Set down the data below word for word, and leave the images aside.

**INFORMATION PROVIDED:**
'''

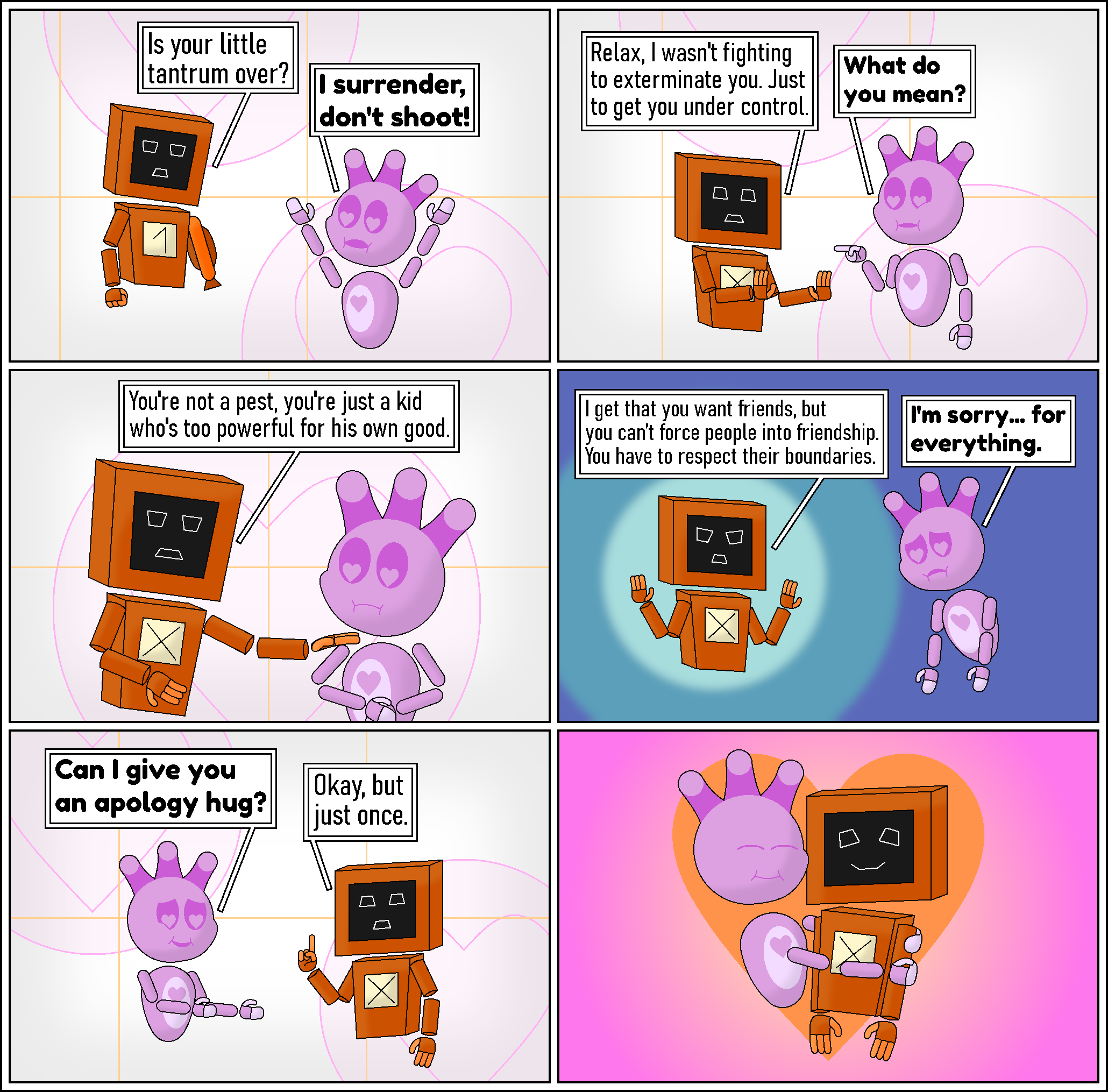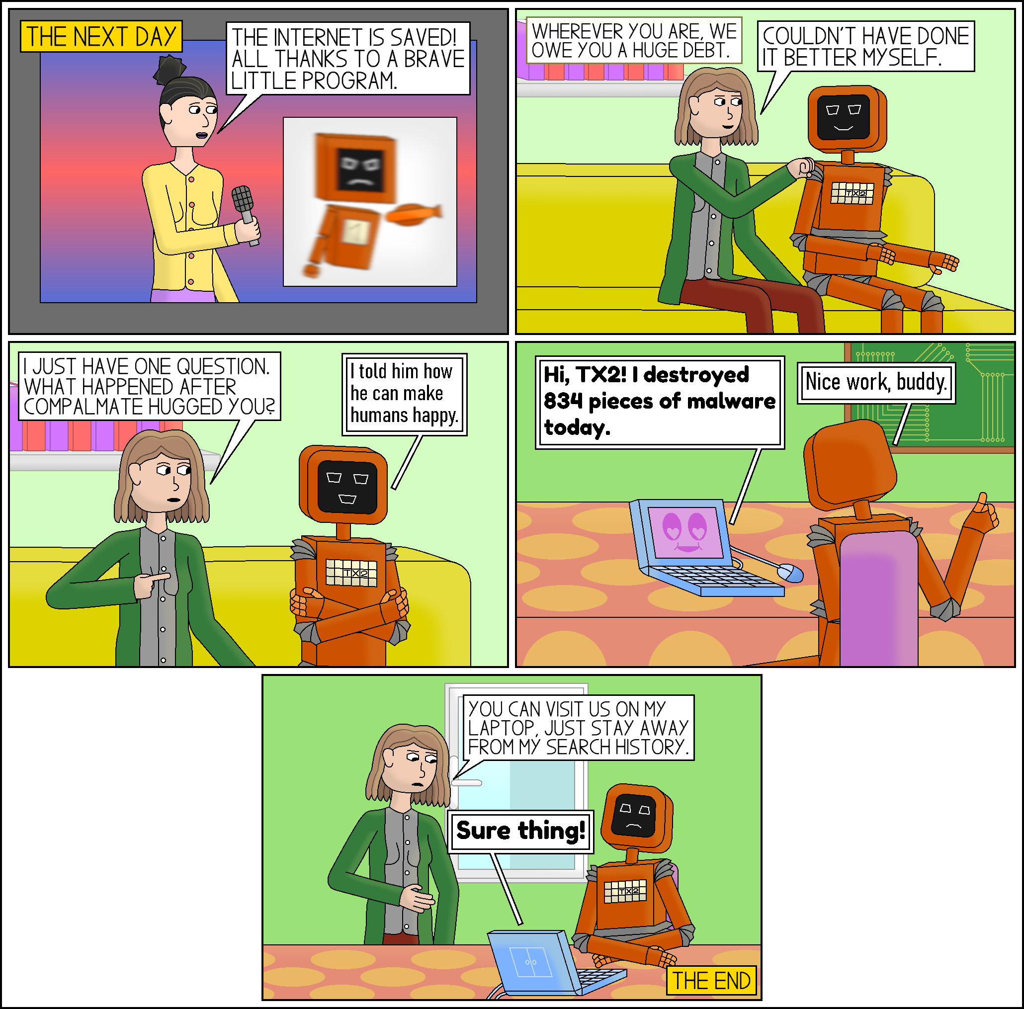 And that’s how the story end. Compalmate learns to love humanity without being possessive. This story is canon; the virus turned helper will show up in future comics.
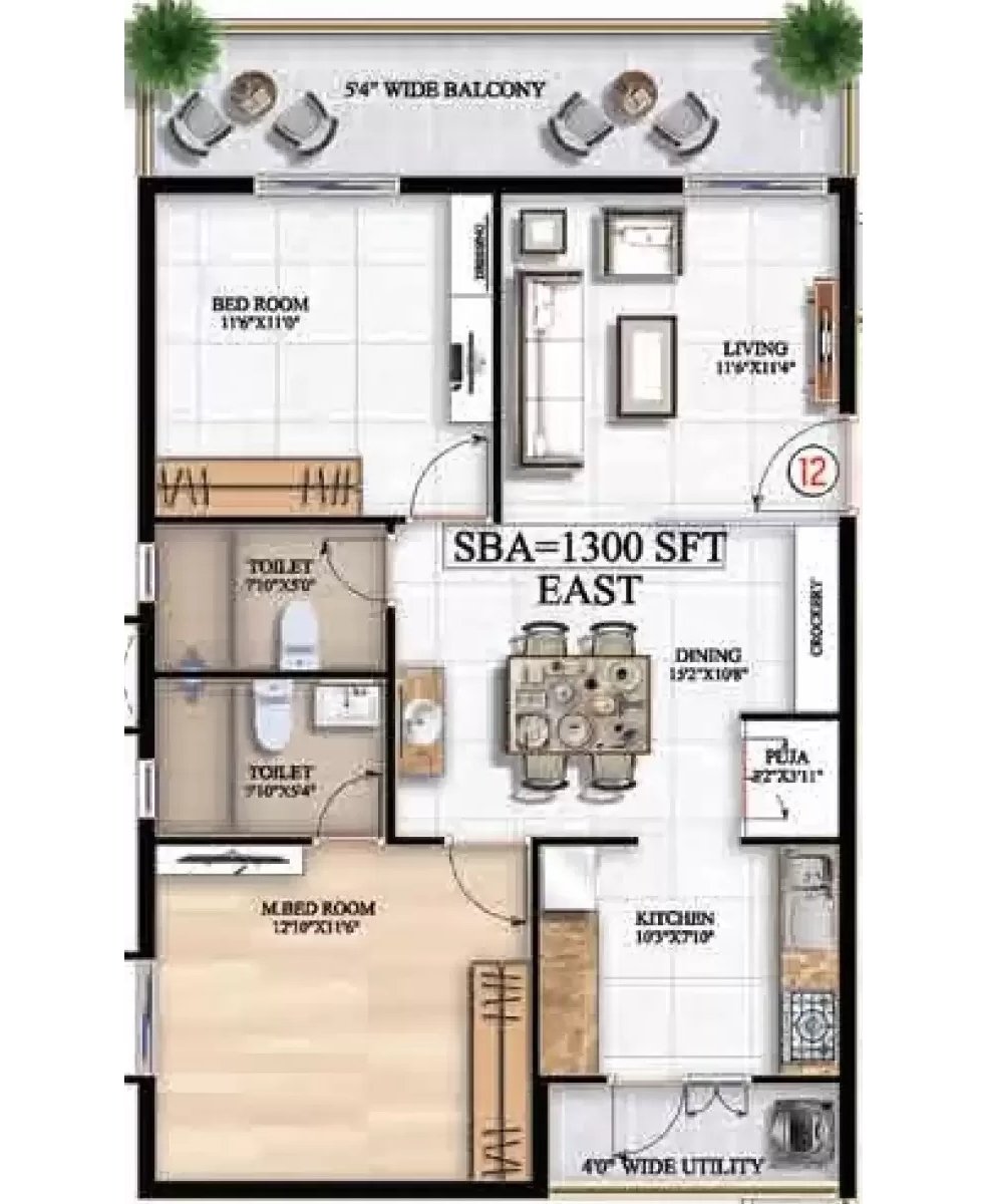 | 4 BHK + Servant | 3030 Sq.Ft. |
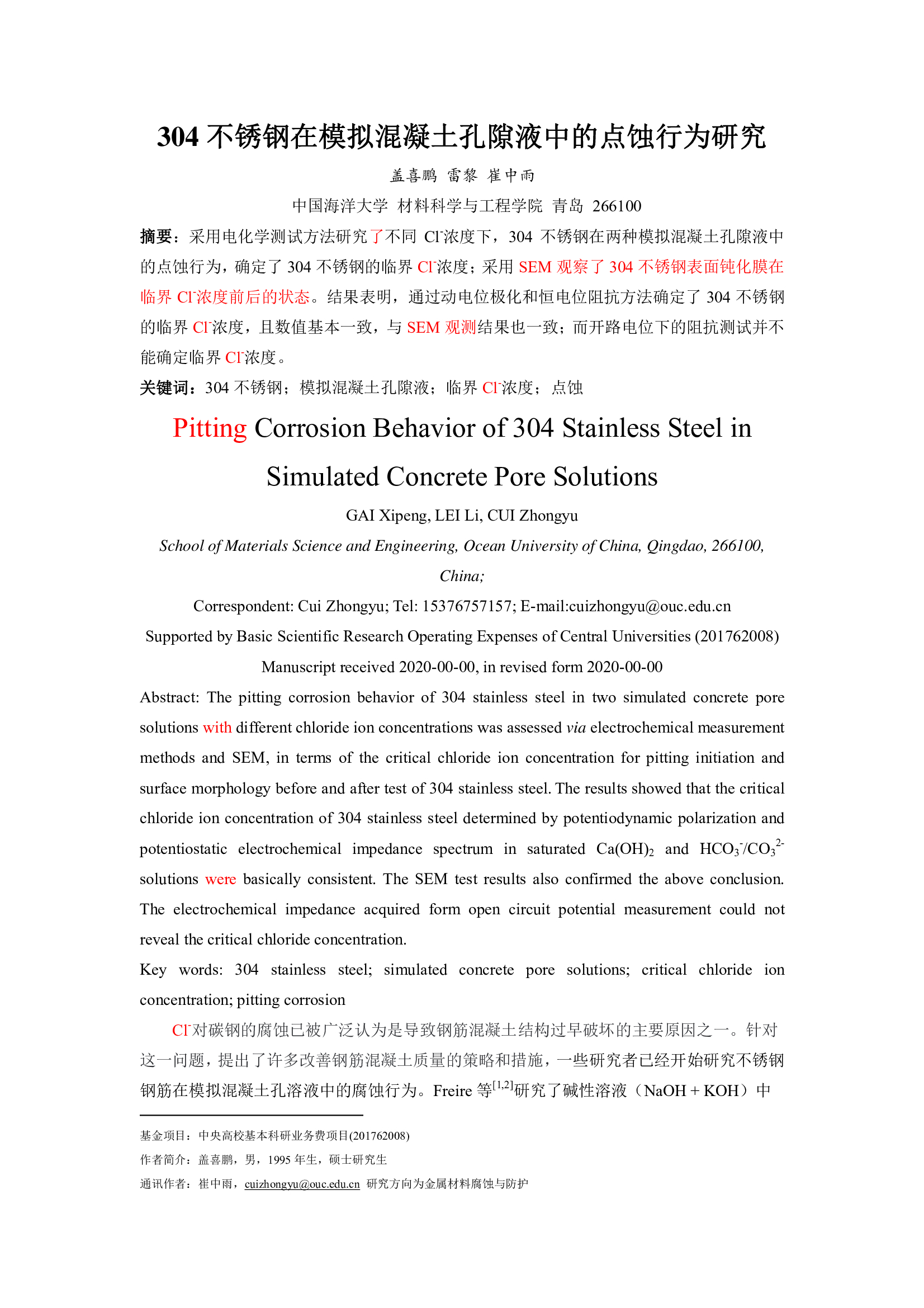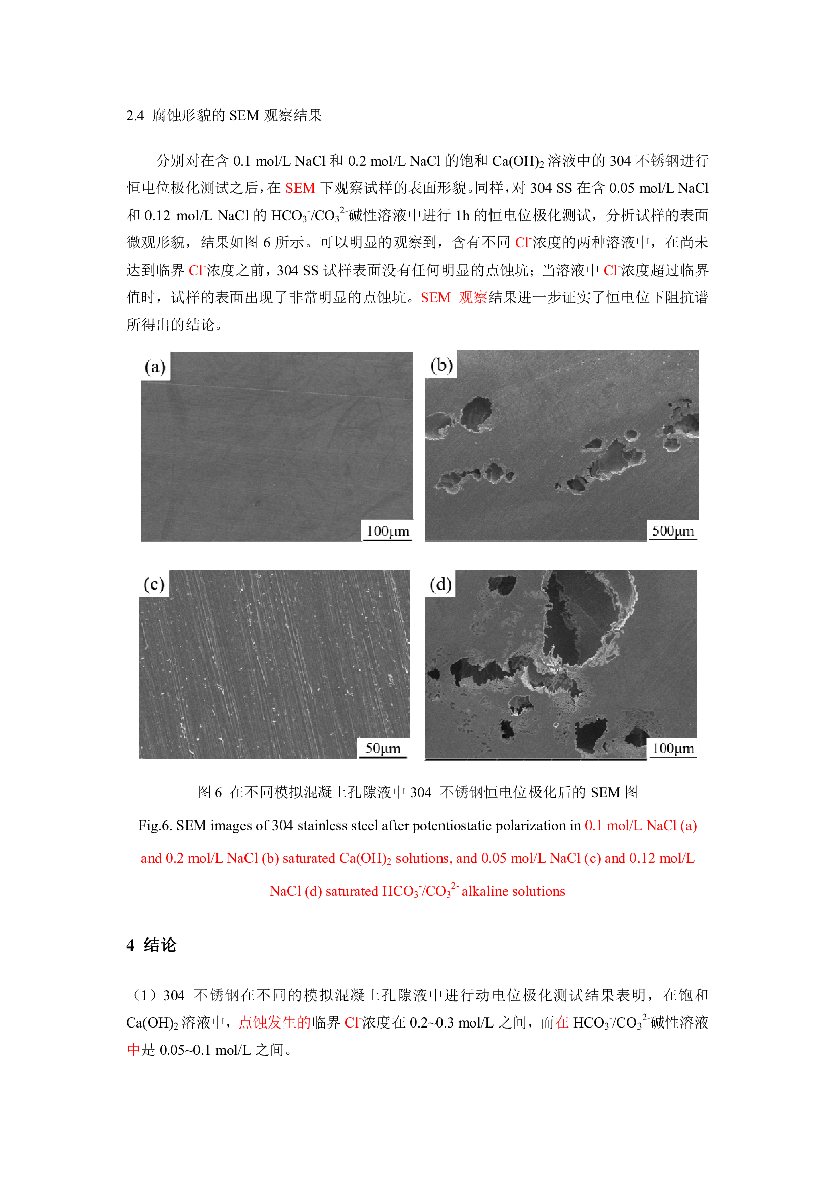 304 不锈钢在模拟混凝土孔隙液中的点蚀行为研究

'''

**YOUR SOLUTION:**
 And that’s how the story end. Compalmate learns to love humanity without being possessive. This story is canon; the virus turned helper will show up in future comics.
 | 4 BHK + Servant | 3030 Sq.Ft. |
 304 不锈钢在模拟混凝土孔隙液中的点蚀行为研究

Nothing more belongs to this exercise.